Dr. Adedeji highlighted this dual benefit in his memo, stating that the government’s role was “twofold – to protect consumers and domestic producers from unfair pricing practices and collusion while ensuring a level playing field for refiners to recover costs and attract investments.”
Concerns About Price Impact
Despite the strategic logic, many Nigerians worry about the immediate implications. Fuel price adjustments often trigger a chain reaction across the economy. From higher transportation costs to increased food prices. In a country already grappling with double-digit inflation, any additional cost at the pump could deepen hardship.
However, government officials insist the framework is designed to avoid “price shocks.” The projected increase, they argue, is modest compared to regional benchmarks and necessary for long-term stability.
Still, the real test will lie in implementation. Analysts warn that without proper monitoring, the new tariff could be exploited by middlemen and marketers to justify excessive price hikes. Transparency and enforcement by the NMDPRA will therefore be crucial to maintaining public trust.
Nigeria’s path to energy self-sufficiency has been long and fraught, but the signs of progress are visible. The combination of private sector investment, deregulation, and now tariff protection suggests a deliberate shift from dependence to domestic strength.
President Tinubu administration’s message is consistent: the era of import reliance must end. The government envisions a future where Nigeria refines its crude, prices its products in naira, and exports surplus fuel to regional markets. If achieved, this could redefine the country’s role in Africa’s energy landscape.
The introduction of a 15 percent import duty on petrol and diesel is both a policy statement and a test of political will. It challenges the old order where importers dominated the fuel market and opens a new chapter for local producers to thrive.

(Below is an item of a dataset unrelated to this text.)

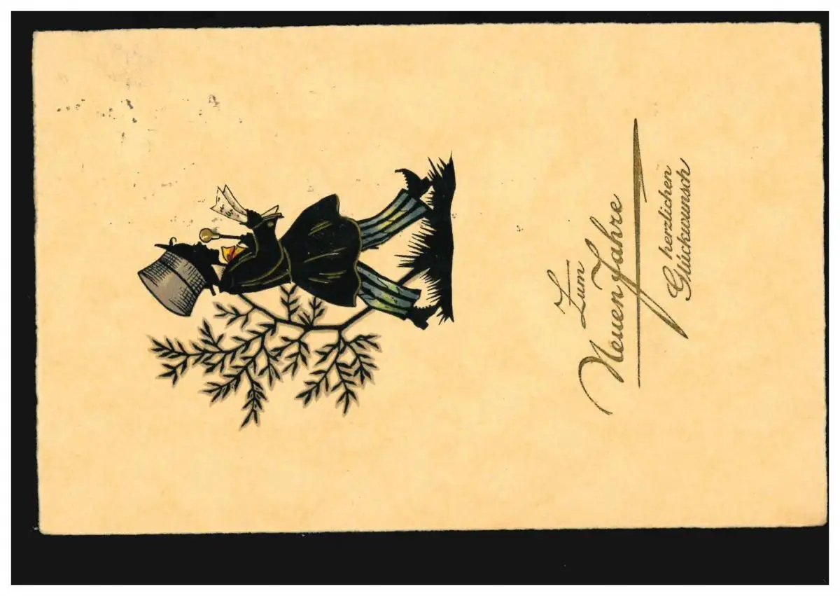 Scherenschnitt-AK Neujahr Junge im Frack mit Zeitung, Pittius-Verlag, GRAZ 1928

Yet, as with all reforms, the outcome will depend on execution. If managed efficiently, the policy could strengthen the downstream sector, enhance fiscal stability, and lay the foundation for true energy independence. But if mismanaged, it risks eroding public confidence and reigniting the same market chaos it seeks to cure.
For now, President Tinubu’s move reflects a government willing to take calculated risks for long-term gain. It’s a bold step toward reclaiming Nigeria’s energy future – one refinery, one litre, and one policy at a time.